# Puritan Commentaries/Expositions on Leviticus



## calvinich (Oct 5, 2014)

What would be some of the best or most popular Puritan commentaries/expositions on Leviticus?


----------



## arapahoepark (Oct 5, 2014)

Scroll down to Find Leviticus. Commenting & Commentaries—Catalogue
In Spurgeon's recommendations there are many Puritans. The trouble is finding a copy.


----------



## calvinich (Oct 5, 2014)

I say "or most popular" because I am less concerned with "usefulness" in understanding or exegesis as much as I am getting a good cross-section view of prevailing Puritan interpretations.


----------



## Wayne (Oct 5, 2014)

Here's a list of sermons on Leviticus. This comes from a survey of about 150 authors/pastors, so there frankly wasn't much available.

PCA Historical Center: Textual Index of Puritan & Reformed Sermons - Leviticus


----------



## Wayne (Oct 5, 2014)

Here's a list of sermons on Leviticus. This comes from a survey of about 150 authors/pastors, so there frankly wasn't much available.

PCA Historical Center: Textual Index of Puritan & Reformed Sermons - Leviticus


----------



## Stephen L Smith (Oct 5, 2014)

arap said:


> In Spurgeon's recommendations there are many Puritans. The trouble is finding a copy.
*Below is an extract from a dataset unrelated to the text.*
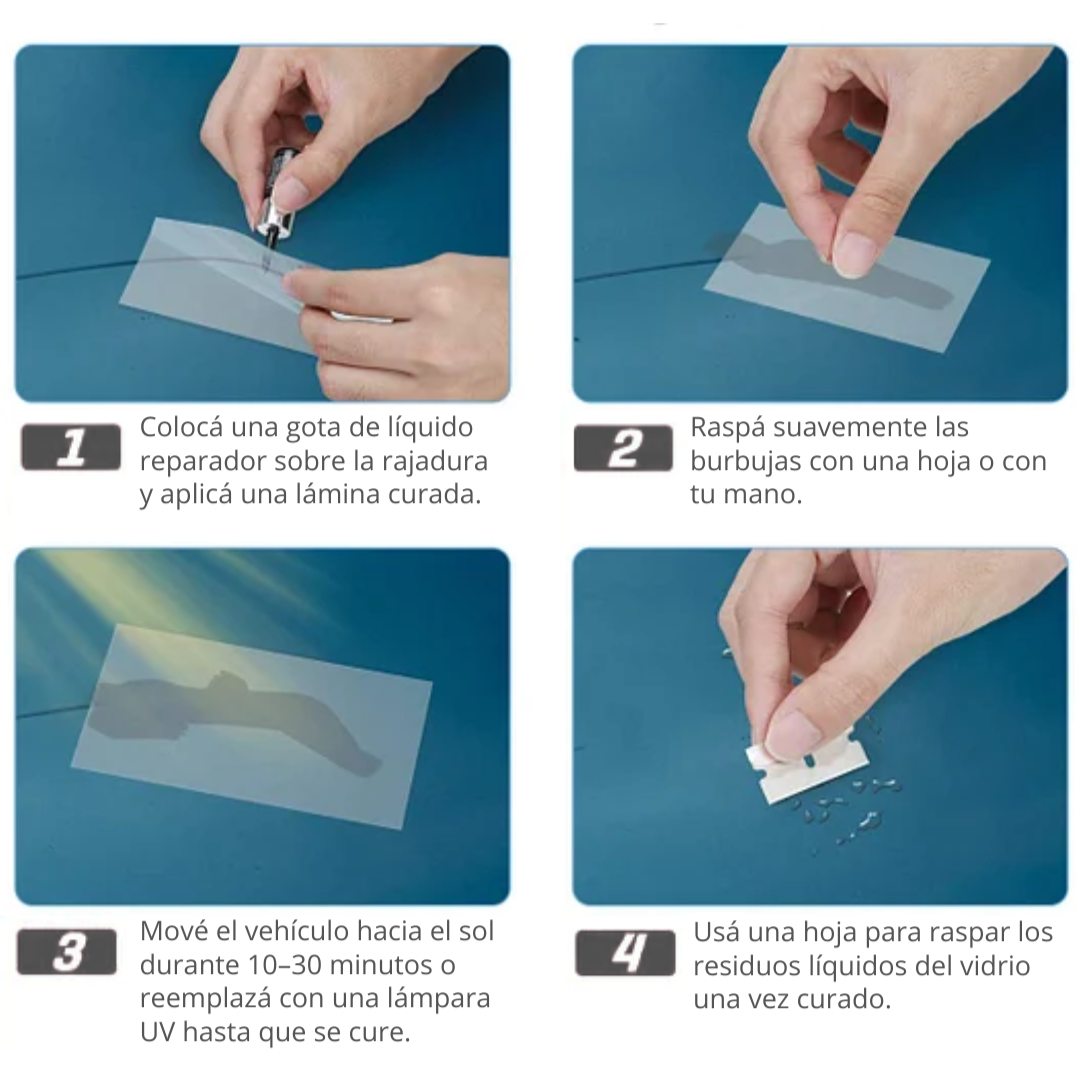 El Kit Repara Cristales rellena y sella astillas, ojos de buey, telarañas, estrellas y líneas finas para devolverle claridad al vidrio. Ahorra dinero y evitá el cambio completo del parabrisas con un sistema DIY rápido y efectivo.

One of the commentaries Spurgeon recommended is printed by Banner of Truth Leviticus - Banner of Truth


----------



## gkterry (Oct 5, 2014)

I don't know that I have seen a Puritan commentary on the whole of Leviticus. Bonar's is very good but he would not be classed as a Puritan. Calvin might be the closest, although he isn't Puritan either and his Leviticus commentary is part of the _Harmony of the Four Last Books of Moses_. You will likely have to be satisfied with bits and pieces. I have put all four(!) of the listings from Ralph Martin's, _A Guide to the Puritans_ below:

Gospel Worship by Jeremiah Burroughs deals with Lev 10:3
untitled sacramental sermon by John Owen deals with 16:21, Vol 9:597-599
Two Sermons upon Leviticus by Thomas Manton deals with 19:17, Vol 19:107-124
Festival Kept to the Lord by Edward Payson (not really Puritan) deal with 23:39, Vol 2:275-292

If you can get a hold of Joseph Caryl's, _Practical Observations on Job_ set there are over 30 references to Leviticus in the index but they would likely all be very brief; perhaps just a mention in a sentence.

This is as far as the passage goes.